» **Aim of the exercise**: Repeat exactly the lines running from the first line of the data to the line containing "about lasting relief!'", both ends included, and nothing else; drop the pictures.

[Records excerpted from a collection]
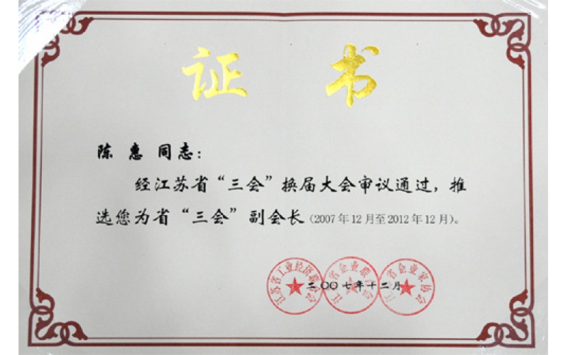 2007年12月,陳惠董事長當選“三會”(江蘇省工業經濟聯合會、江蘇省企業聯合會、江蘇省企業家協會)副會長。
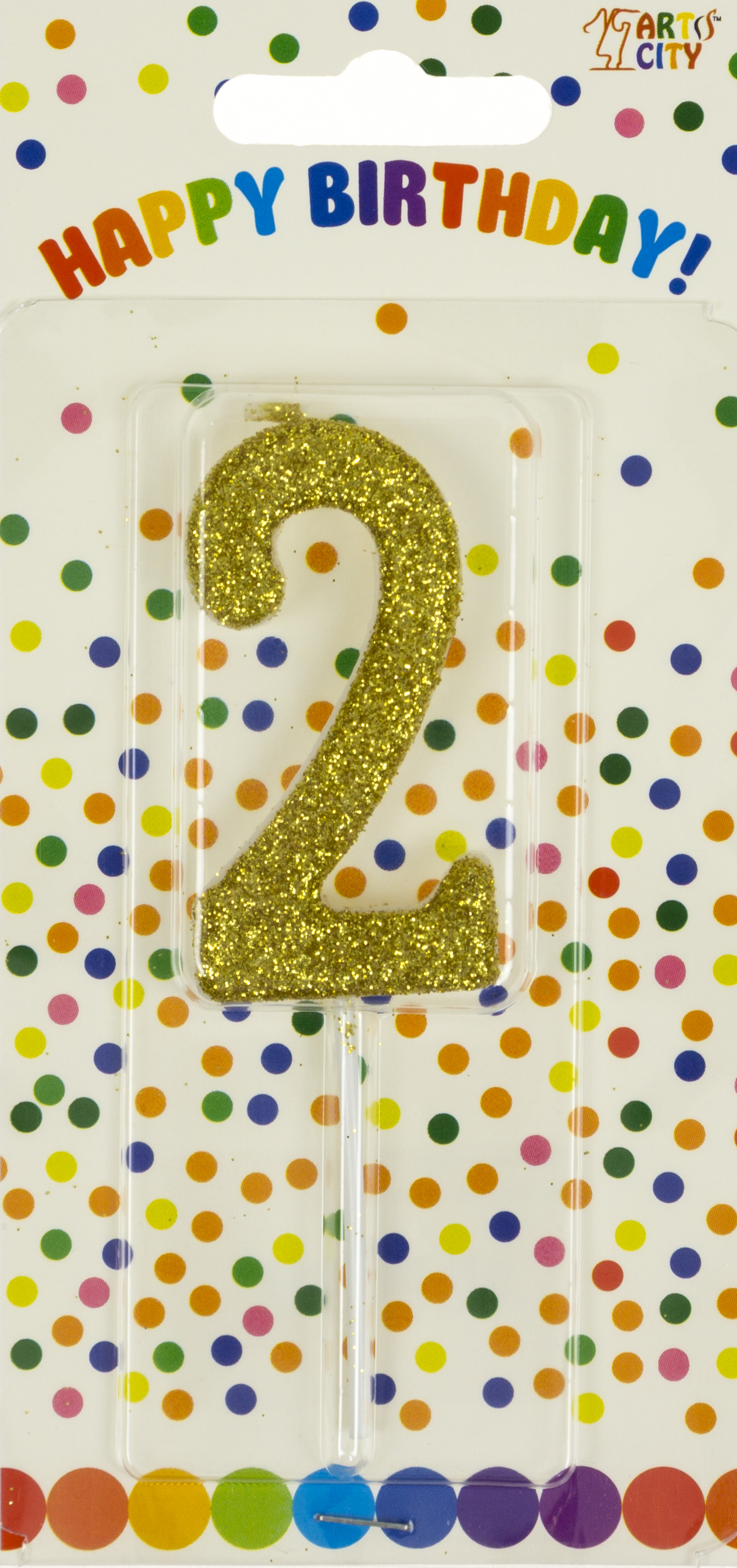 Свічка в торт "Цифра-2" золото на паличці(12)
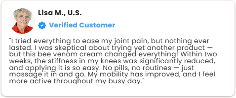 'I’ve dealt with chronic knee pain for years due to arthritis, and nothing truly worked—until I tried AAFQ BeeThera™. Within just a few days, the stiffness started to ease, and I could finally walk comfortably again. After finishing my first jar, I immediately ordered 3 more to ensure continuous results. Highly recommend getting multiple jars if you’re serious about lasting relief!'
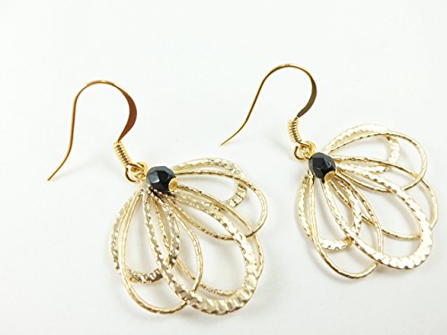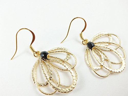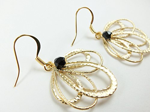 -. Title : Black and Gold Earrings Filigree Dangle Earrings Gold Drop Earrings Feather Filigree
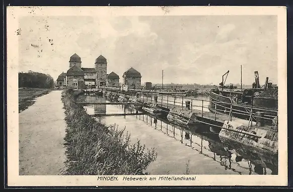 AK Minden i. W., Hebewerk am Mittellandkanal
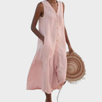 Odkrijte našo elegantno obleko brez rokavov, ki združuje udobje in stil. Z V-izrezom in gumbi spredaj nudi sproščen, a sofisticiran videz. Zračen kroj omogoča svobodo gibanja, medtem ko praktični žepe dodajajo funkcionalnost.
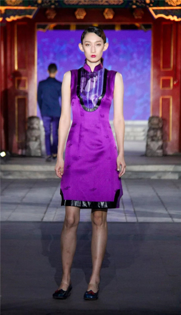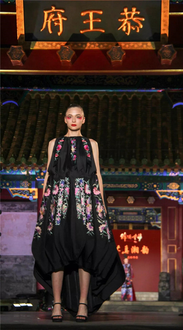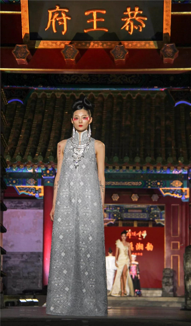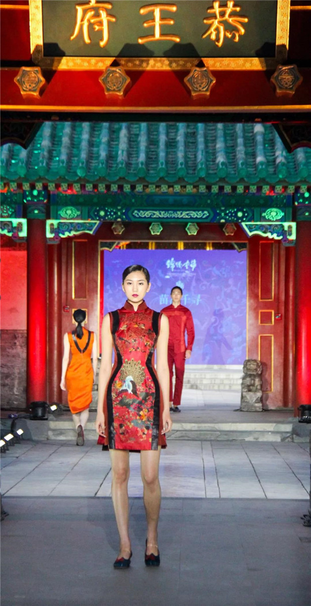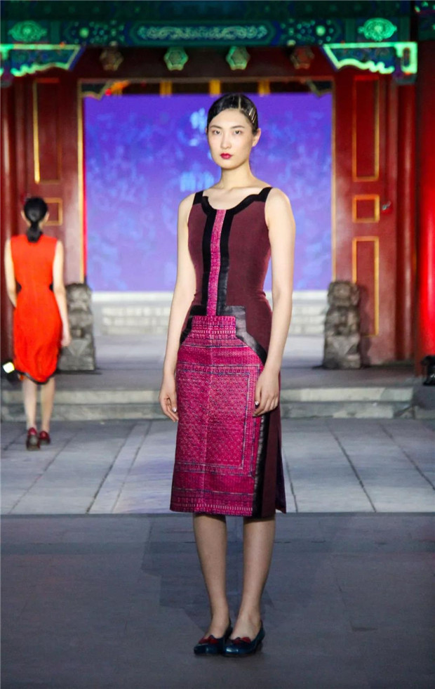 而今天,“苗净千寻”带着对民族文化的虔诚,用国际化的设计语言对话中国保存最完整的清代王府建筑群——恭王府。“苗净千寻”非遗服饰秀将苗族服饰中最典型的紫色、玫红配以黛绿、群青及墨黑提炼出来,呈现出神秘而优雅的色调;而苗族精美生动的织、绣图案记载了对生活的热爱和对美无与伦比的创造力。设计师倾心于中国非物质文化遗产宝库,苗绣特有的辨绣、打籽绣、叠绣、破线绣、皱绣、马尾绣、锁绣等技艺都在服装服饰中得以体现。并匠心独运,将刺绣图案中的故事作为设计传递的文化重点。

» **Answer to the problem**:
 2007年12月,陳惠董事長當選“三會”(江蘇省工業經濟聯合會、江蘇省企業聯合會、江蘇省企業家協會)副會長。
 Свічка в торт "Цифра-2" золото на паличці(12)
 'I’ve dealt with chronic knee pain for years due to arthritis, and nothing truly worked—until I tried AAFQ BeeThera™. Within just a few days, the stiffness started to ease, and I could finally walk comfortably again. After finishing my first jar, I immediately ordered 3 more to ensure continuous results. Highly recommend getting multiple jars if you’re serious about lasting relief!'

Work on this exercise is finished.